In response to this, Designli, a leading mobile app, software, and SaaS development agency that specializes in working with startup founders, has launched its new TractionLab program.

Designli Launches TractionLab | Source: Designli

TractionLab is a new service designed to help first-time founders move from idea to market validation faster by combining product development with customer acquisition planning.

As such, founders are able to build a minimum viable product (MVP) and generate their first real users within 30 days and first paying customer within 90 days.

This launch is timely as 54% of founders who have their startups fail said the most important lesson they learned was the need to better understand product-market fit, per a Wilbur Labs survey.

“Too many founders spend months building products before they know whether people will actually use or pay for them,” says Keith Shields, CEO of Designli. 

“This is why we started TractionLab.
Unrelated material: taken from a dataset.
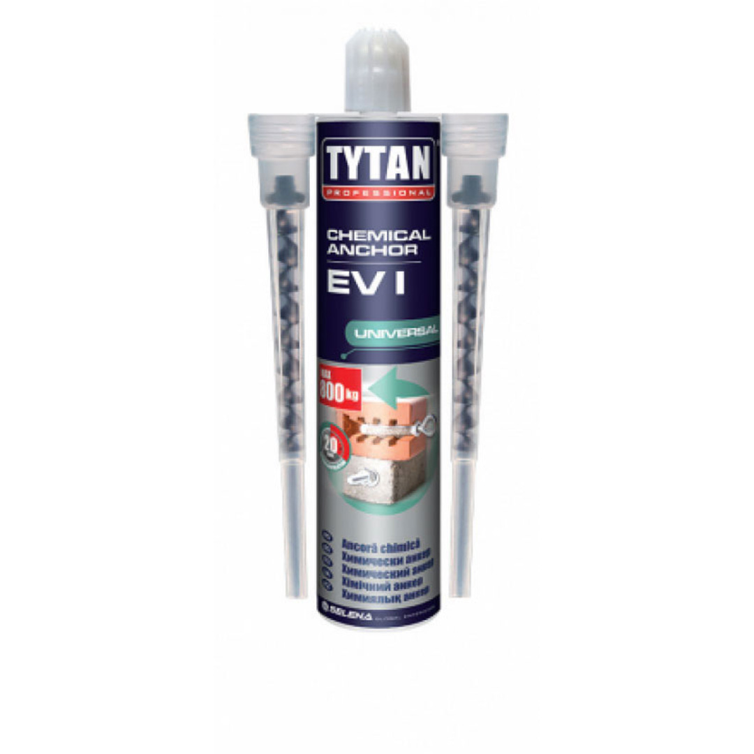 TYTAN PROFESSIONAL EV I химически анкер се използва за монтаж на всякакъв тип съединения и конструкции към основи. Отлично решение при необхоимост от монтаж в близост до ръба на основата. С добра адхезия към повечето строителни продукти, като тухла, камъни, кухи конструкции, бетон. Най-често се използва при монтажа на парапети, тенти и други тежки и отговорни конструкции. Опаковка от 300 мл. флакон.

The sooner founders can test their assumptions with real users, the sooner they can make smarter decisions regarding their products.” 

For decades, founders have been encouraged to move quickly, trust their instincts, and focus on building. 

And while execution remains important, many startup failures stem from an inability to confirm that customers actually want it. 

That distinction has become vital as markets grow more competitive and investors place greater emphasis on evidence of demand.

Taking all these into account, it’s not surprising that product validation has become a prerequisite for sustainable growth.

Why Product Validation Matters More Than Ever

The traditional startup playbook often prioritized development first and validation later. Today, that assumption is harder to rely on. 

Founders who spend months building before testing demand can find themselves investing heavily in solutions that fail to gain traction. 

When that happens, it’s easy for development and iteration costs to skyrocket, leaving startups in a financial hole well before they can monetize their product. 

Or worse, the product stays in an endless development loop and never even reaches the public. 

But if validation is so important, why do founders tend to skip it at all? 

Shields points to several common challenges:

1. Building feels more productive than testing

Many founders are builders by nature.

When faced with uncertainty, it often feels more productive to keep developing than to pause and test assumptions with potential customers. 

The problem is that progress on a product can create the illusion of progress in the market. 

As a result, founders may delay validation until after significant time and resources have already been invested.

2. Reaching potential users can be difficult 

Validation requires founders to get in front of real users and gather honest feedback. 

For many early-stage startups, that process can feel overwhelming. 

Identifying the right audience, conducting outreach, and generating meaningful conversations takes time and effort, leading some founders to postpone validation in favor of continued development.

3. Positive feedback can create false confidence 

Founders often receive encouraging reactions from friends, colleagues, or potential users. 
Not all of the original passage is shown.